» EXERCISE BRIEF:
Would you return exactly the lines from the top of the data below through the one containing "在赢家服饰的现代化制造基地,职工林芳正在", leaving out the pictures?

» THE DATA:
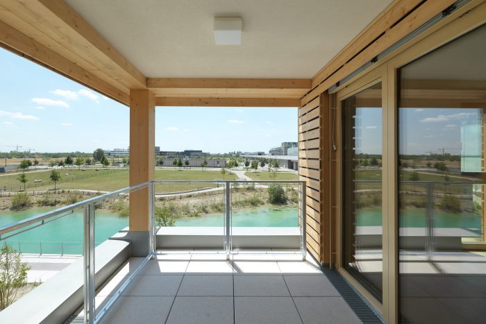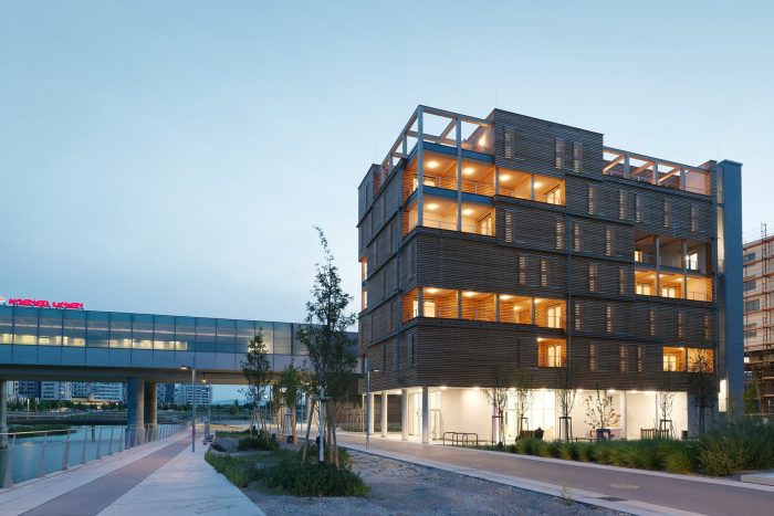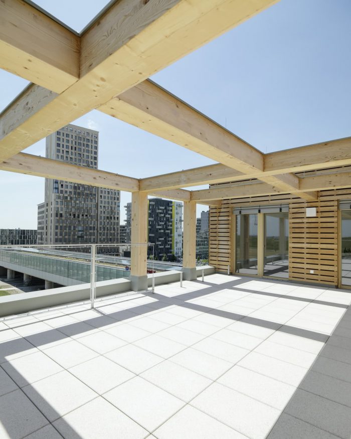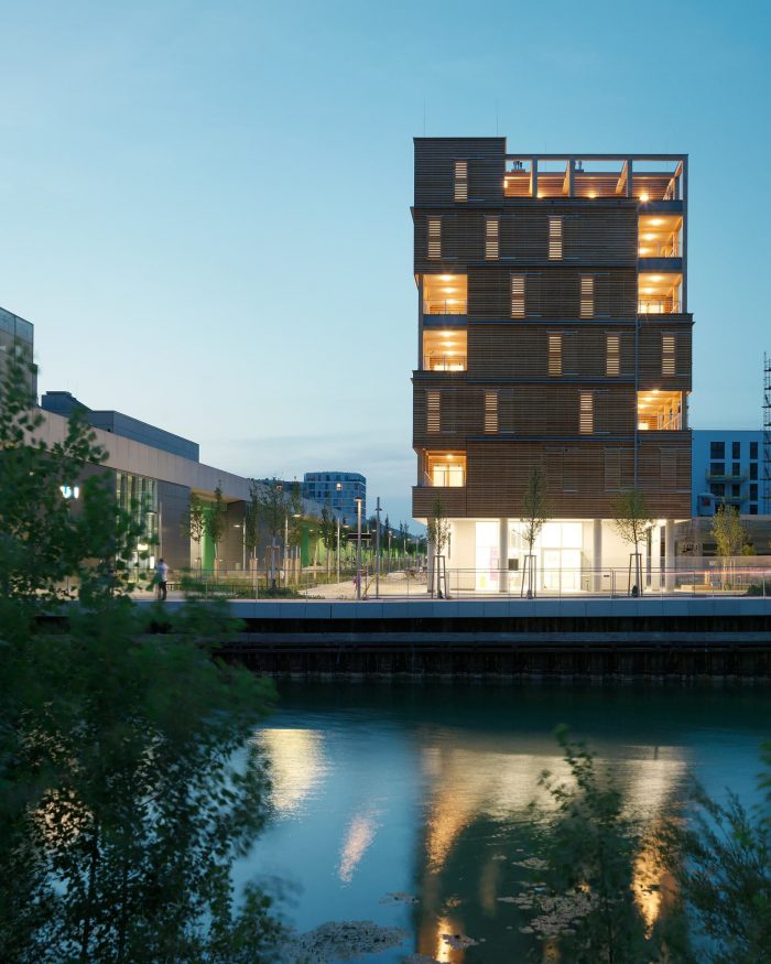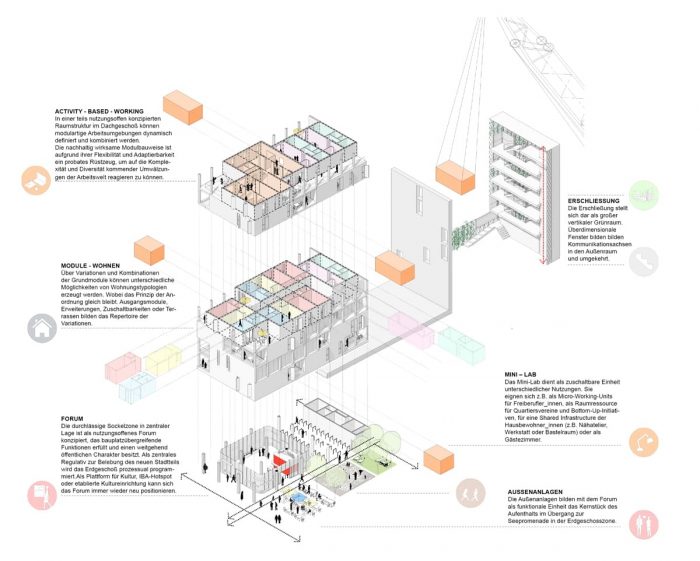 On the upper floors, various combinations of prefabricated basic modules of different housing typologies are created. Output modules, extensions, spaces that can be connected if required and terraces offer a variety of possibilities. Small entities can be used as mini-labs, micro-working units, or shared infrastructure, they are integrated in the structure in the same way as a big area for activity-based-working on the top floor.
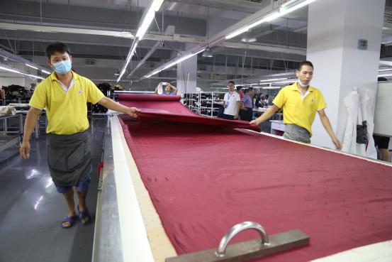 在赢家服饰的现代化制造基地,职工林芳正在检查面料的优劣,她说,来到这里工作已经三年了,负责检查面料色差及有无破损这一环节,每个月能够得到3000元左右的收入。
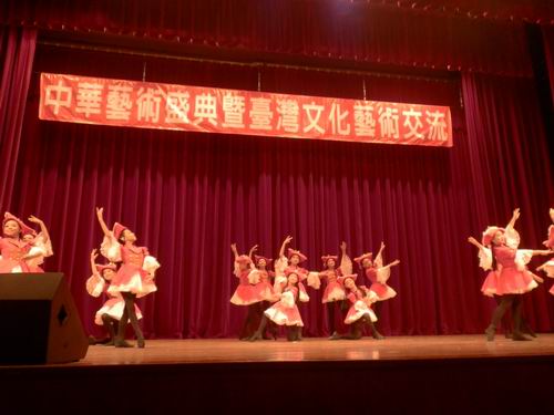 我校金太阳艺术团带着五个节目(当嘻哈遇芭蕾、舞动的精灵、鲁冰花、聪明的小白兔、芭比娃娃的梦)来到台湾,参加“2013中华艺术盛典暨台湾文化艺术交流”活动。这次艺术交流活动,于7月21日在台北新北市进行。两岸小朋友以舞蹈形式穿插进行交流,即一个台湾小朋友的节目,一个大陆小朋友的节目。我校金太阳艺术团的节目得到海峡两岸组委会领导、专家一致好评。海峡两岸组委会工作人员做了大量前期工作,使这次文化交流活动取得了圆满成功,也使孩子们收获多多。
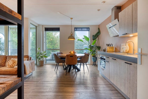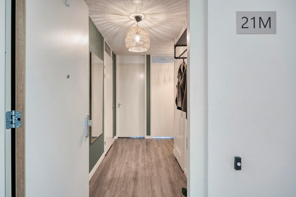 - De portiekflat heeft een woonoppervlakte van 77 m² en beschikt over 3 kamers, waarvan 2 slaapkamers;

» EXERCISE OUTPUT:
 On the upper floors, various combinations of prefabricated basic modules of different housing typologies are created. Output modules, extensions, spaces that can be connected if required and terraces offer a variety of possibilities. Small entities can be used as mini-labs, micro-working units, or shared infrastructure, they are integrated in the structure in the same way as a big area for activity-based-working on the top floor.
 在赢家服饰的现代化制造基地,职工林芳正在检查面料的优劣,她说,来到这里工作已经三年了,负责检查面料色差及有无破损这一环节,每个月能够得到3000元左右的收入。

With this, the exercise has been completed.